▸ WHAT IS REQUIRED:
Scan the records below for the line with "Oak solids and" and the line with "Зеленая флуоресцентная рыбка". Repeat those two lines and every line between them exactly, and nothing else.
MATERIAL PROVIDED: Begin
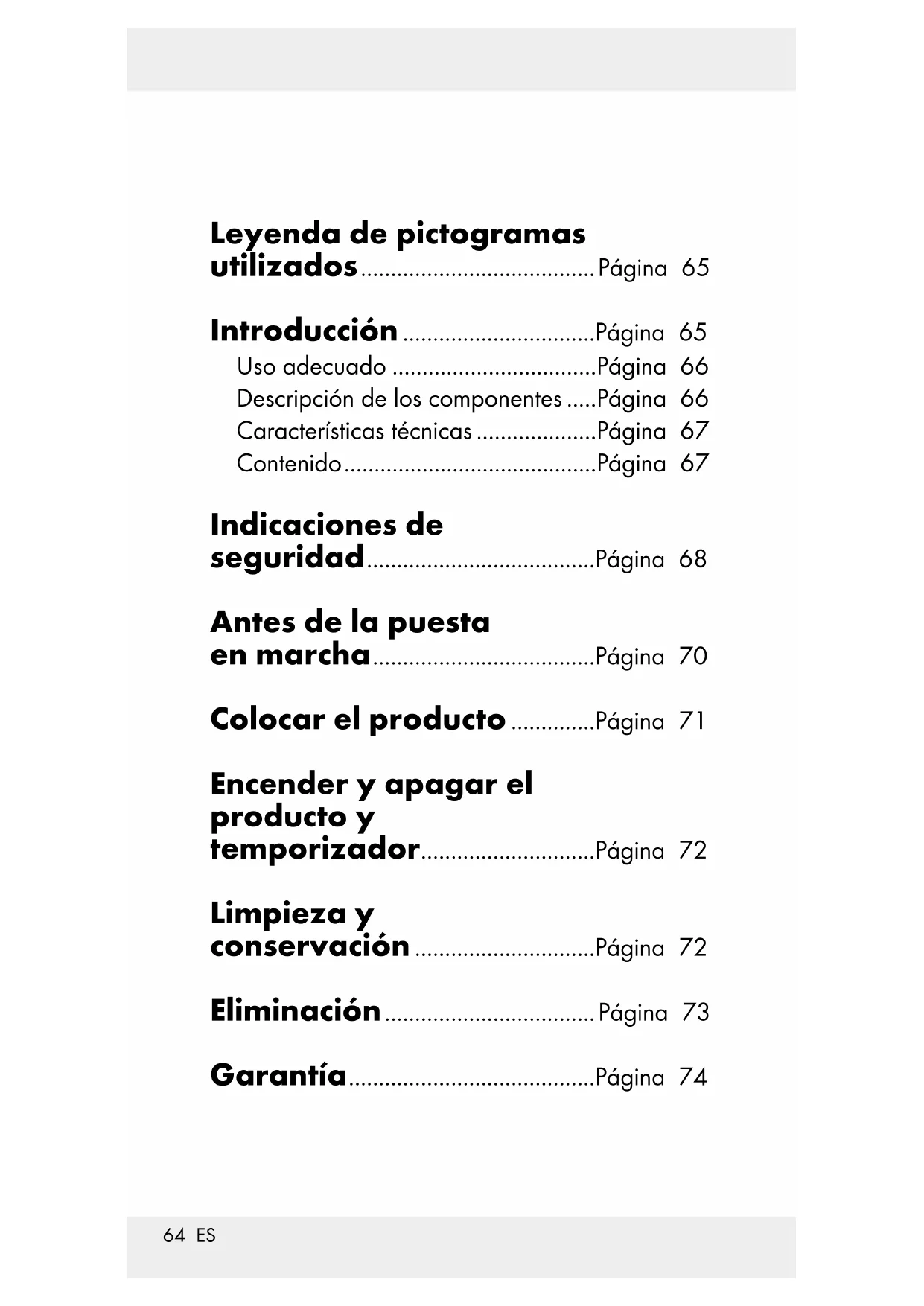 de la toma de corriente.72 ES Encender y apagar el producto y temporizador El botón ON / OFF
MATERIAL PROVIDED: End
MATERIAL PROVIDED: Begin
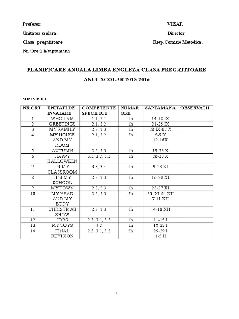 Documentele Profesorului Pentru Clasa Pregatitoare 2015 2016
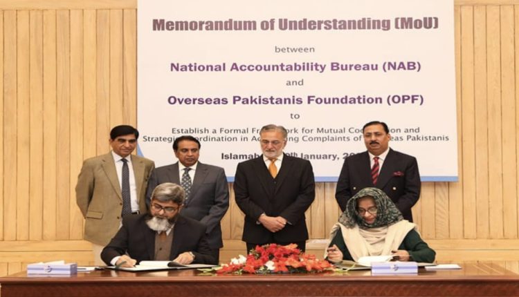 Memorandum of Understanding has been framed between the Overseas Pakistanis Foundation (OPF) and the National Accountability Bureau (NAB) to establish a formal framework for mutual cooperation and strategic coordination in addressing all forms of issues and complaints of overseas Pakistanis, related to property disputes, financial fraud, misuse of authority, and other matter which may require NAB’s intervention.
MATERIAL PROVIDED: End
MATERIAL PROVIDED: Begin
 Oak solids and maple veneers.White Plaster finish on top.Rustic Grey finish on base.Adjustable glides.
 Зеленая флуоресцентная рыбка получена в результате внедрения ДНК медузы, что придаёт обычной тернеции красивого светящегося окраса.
MATERIAL PROVIDED: End
▸ SOLUTION:
 Oak solids and maple veneers.White Plaster finish on top.Rustic Grey finish on base.Adjustable glides.
 Зеленая флуоресцентная рыбка получена в результате внедрения ДНК медузы, что придаёт обычной тернеции красивого светящегося окраса.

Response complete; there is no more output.